Exercise requirements
Return exactly, please, the line that contains "Các dụng cụ" and every line after it through the end of the material that follows, leaving pictures aside.

Information supplied
══════════════════════════════
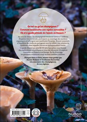 Qu'est-ce qu'un champignon ? Comment reconnaître une espèce comestible? Où et à quelle période de l'année en trouver? Ce guide s'articule en deux parties. La première fournit les explications scientifiques et des conseils pratiques pour profiter au mieux de votre excursion. La seconde est consacrée à l'identification proprement dite : 110 espèces courantes en France et en Europe sont présentées sous forme de fiches, avec pour certaines des idées de recettes. Pour aller plus loin, un carnet pratique donne les coordonnées d'associations, de musées, de sites web scientifiques, ainsi qu'une bibliographie.
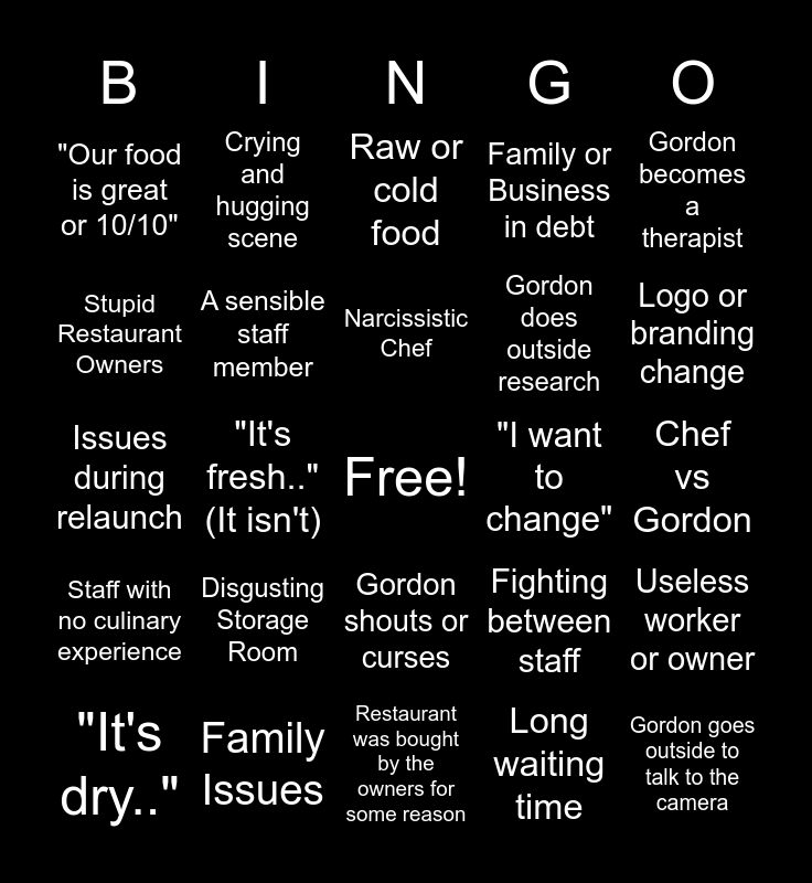 This bingo card has a free space and 24 words: Disgusting Storage Room, Family Issues, Narcissistic Chef, "It's dry..", Gordon becomes a therapist, "Our food is great or 10/10", Stupid Restaurant Owners, Crying and hugging scene, "I want to change", Gordon shouts or curses, Gordon does outside research, Issues during relaunch, Fighting between staff, Useless worker or owner, A sensible staff member, Long waiting time, Chef vs Gordon, Raw or cold food, Logo or branding change, "It's fresh.." (It isn't), Gordon goes outside to talk to the camera, Staff with no culinary experience, Family or Business in debt and Restaurant was bought by the owners for some reason.
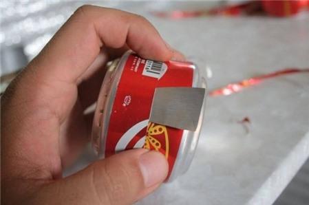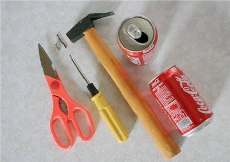 Các dụng cụ cần thiết: 2 lon coca, búa, tua vit, kéo và đinh
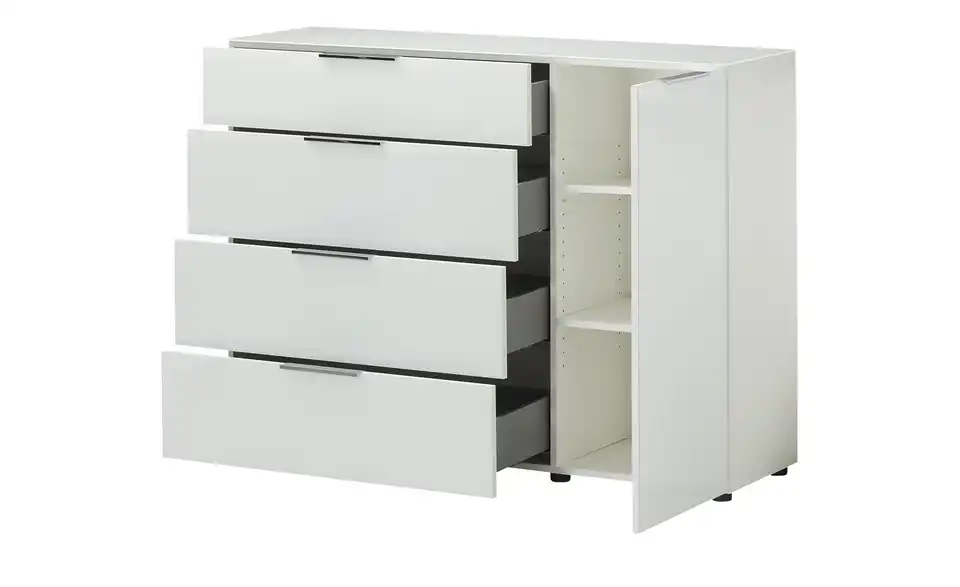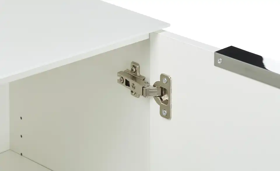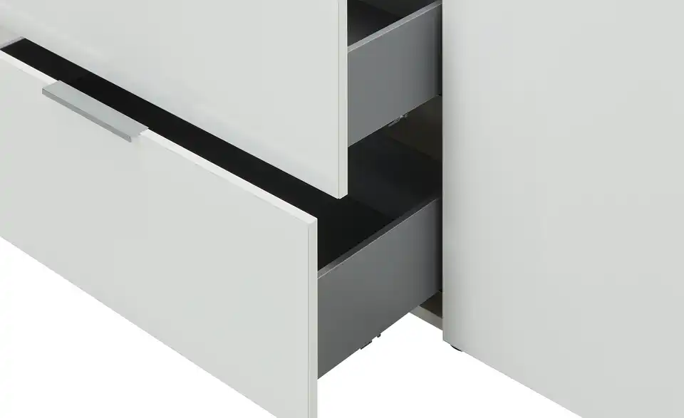 Die Serie Vitreo Neo zeigt sich in zeitlosem Weiß und mit glänzenden, chromfarbenen Akzenten. Durch das moderne Design der Serie passen die Möbel in zahlreiche Raumkonzepte. Dieses Sideboard besitzt vier geräumige Schubkästen, die mit zeitgemäßem Soft-Close ausgestattet sind. Dadurch schließen sie nahezu lautlos. Auch die Tür, hinter der sich drei Fächer befinden, schließt besonders leise. Auf der Oberfläche des Sideboards liegt ESG-Sicherheitsglas auf, das sich durch erhöhte Stoß- und Schlagfestigkeit auszeichnet. Sie können hier bedenkenlos Dekoobjekte und Alltagsdinge ablegen.Lieferung & Versand
══════════════════════════════
Solution to this problem
 Các dụng cụ cần thiết: 2 lon coca, búa, tua vit, kéo và đinh
 Die Serie Vitreo Neo zeigt sich in zeitlosem Weiß und mit glänzenden, chromfarbenen Akzenten. Durch das moderne Design der Serie passen die Möbel in zahlreiche Raumkonzepte. Dieses Sideboard besitzt vier geräumige Schubkästen, die mit zeitgemäßem Soft-Close ausgestattet sind. Dadurch schließen sie nahezu lautlos. Auch die Tür, hinter der sich drei Fächer befinden, schließt besonders leise. Auf der Oberfläche des Sideboards liegt ESG-Sicherheitsglas auf, das sich durch erhöhte Stoß- und Schlagfestigkeit auszeichnet. Sie können hier bedenkenlos Dekoobjekte und Alltagsdinge ablegen.Lieferung & Versand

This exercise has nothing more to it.